In Against Ostrich Nominalism  of 14 January 2013 Bill opens with
As magnificent a subject as philosophy is, grappling as it does with the ultimate concerns of human existence, and thus surpassing in nobility any other human pursuit, it is also miserable in that nothing goes uncontested, and nothing ever gets established to the satisfaction of all competent practitioners. (This is true of other disciplines as well, but in philosophy it is true in excelsis.) Suppose I say, as I have in various places:
That things have properties and stand in relations I take to be a plain Moorean fact beyond the reach of reasonable controversy. After all, my cat is black and he is sleeping next to my blue coffee cup. ‘Black’ picks out a property, an extralinguistic feature of my cat. 

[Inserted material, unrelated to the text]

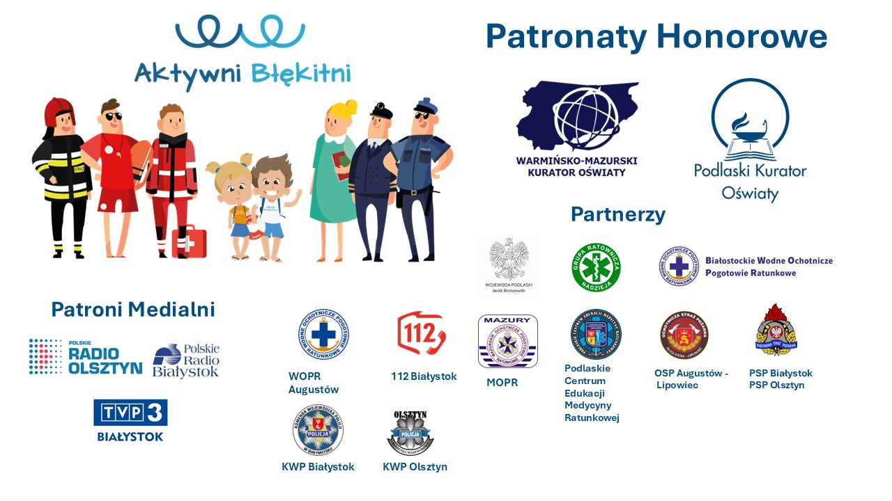 Natomiast przy realizacji tegorocznej edycji programu wspierać nas będą następujący partnerzy: Wojewoda Podlaski, Grupa Ratownicza Nadzieja, WOPR Białystok, WOPR Augustów, 112 Białystok, MOPR, Podlaskie Centrum Edukacji Medycyny Ratunkowej, OSP Augustów – Lipowiec, PSP Białystok, PSP Olsztyn, KWP Białystok, KWP Olsztyn.

Is that obvious? Not to some. Not to the ornery and recalcitrant critter known as the ostrich nominalist. My cat, Max Black, is black. That, surely, is a Moorean fact. Now consider the following biconditional and consider whether it too is a Moorean fact: 
1. Max is black iff Max has the property of being black. 
As I see it, there are three main ways of construing a biconditional such as (1):

A. Ostrich Nominalism. The right-hand side (RHS) says exactly what the left-hand side (LHS) says, but in a verbose and high-falutin' and dispensable way. Thus the use of 'property' on the RHS does not commit one ontologically to properties beyond predicates. (By definition, predicates are linguistic items while properties are extralinguistic and extramental.) Predication is primitive and in need of no philosophical explanation. On this approach, (1) is trivially true. One needn't posit properties, and in consequence one needn't worry about the nature of property-possession. (Is Max related to his blackness, or does Max have his blackness quasi-mereologically by having it as an ontological constituent of him?)

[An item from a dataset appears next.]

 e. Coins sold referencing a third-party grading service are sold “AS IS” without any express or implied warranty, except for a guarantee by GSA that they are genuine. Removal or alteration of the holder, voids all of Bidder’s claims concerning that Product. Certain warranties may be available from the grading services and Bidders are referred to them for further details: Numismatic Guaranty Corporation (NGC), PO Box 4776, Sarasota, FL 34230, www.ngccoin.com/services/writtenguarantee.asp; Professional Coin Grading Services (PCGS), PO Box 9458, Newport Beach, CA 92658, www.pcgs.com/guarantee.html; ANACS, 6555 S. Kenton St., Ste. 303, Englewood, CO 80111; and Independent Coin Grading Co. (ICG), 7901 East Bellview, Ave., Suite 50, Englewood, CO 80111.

Bill then goes on to define two further construals of (1) which he calls ostrich realism and non-ostrich realism.  So far I'm an ostrich nominalist.  I can't better Bill's characterisation of the RHS of (1) as verbose, high-falutin, and dispensable.  However, he then says
On (A) there are neither properties, nor do properties enter into any explanation of predication. Predication is primitive and in need of no explanation. In virtue of what does 'black' correctly apply to Max? In virtue of nothing. It just applies to him and does so correctly. Max is black, but there is no feature of reality that explains why 'black' is true of Max, or why 'Max is black' is true. It is just true! There is nothing in reality that serves as the ontological ground of this contingent truth. Nothing 'makes' it true. There are no truth-makers and no need for any. 

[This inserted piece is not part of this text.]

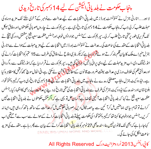 Punjab Hakoomat Ne Baldyati Election K Lye 14 December Ki Tareekh Dedi

Bill finds this preposterous.  But does it follow from (A)?  Can we hang on to the better part of (A)---avoiding the descent into the quagmire of the ontology of properties---yet escape the vacuity Bill finds?  I think so.  Let's change the example a little.  Suppose Max has his hind legs bent at the knee, his haunches on the floor supporting his weight, his spine inclined, and his forelegs straight and near vertical.  In these circumstances we would truly say 'Max is sitting' because 'sitting' is the right word to describe Max's attitude and the disposition of his limbs.  Would Bill want to say, Yes, Max is sitting, but there is no feature of reality that explains why 'sitting' is true of Max or why 'Max is sitting' is true?  I guess it depends on what kind of 'feature of reality' we are looking for.  If it has to be 'thing-like' then perhaps, yes, he would.  But it seems to me that we cannot capture reality by simply piling up things, despite the pressure language puts upon us to talk in terms of 'things'.  Is the problem that we can't analyse 'black' analogously to the analysis of 'sitting'?  Well, we could say that 'black' is the right word to describe the sensation caused in us by the light, or rather the paucity of light, reaching our eyes from Max.  But this clearly opens up a whole new realm of questions.  My inclination is to see this as a puzzle about language, not a puzzle about reality.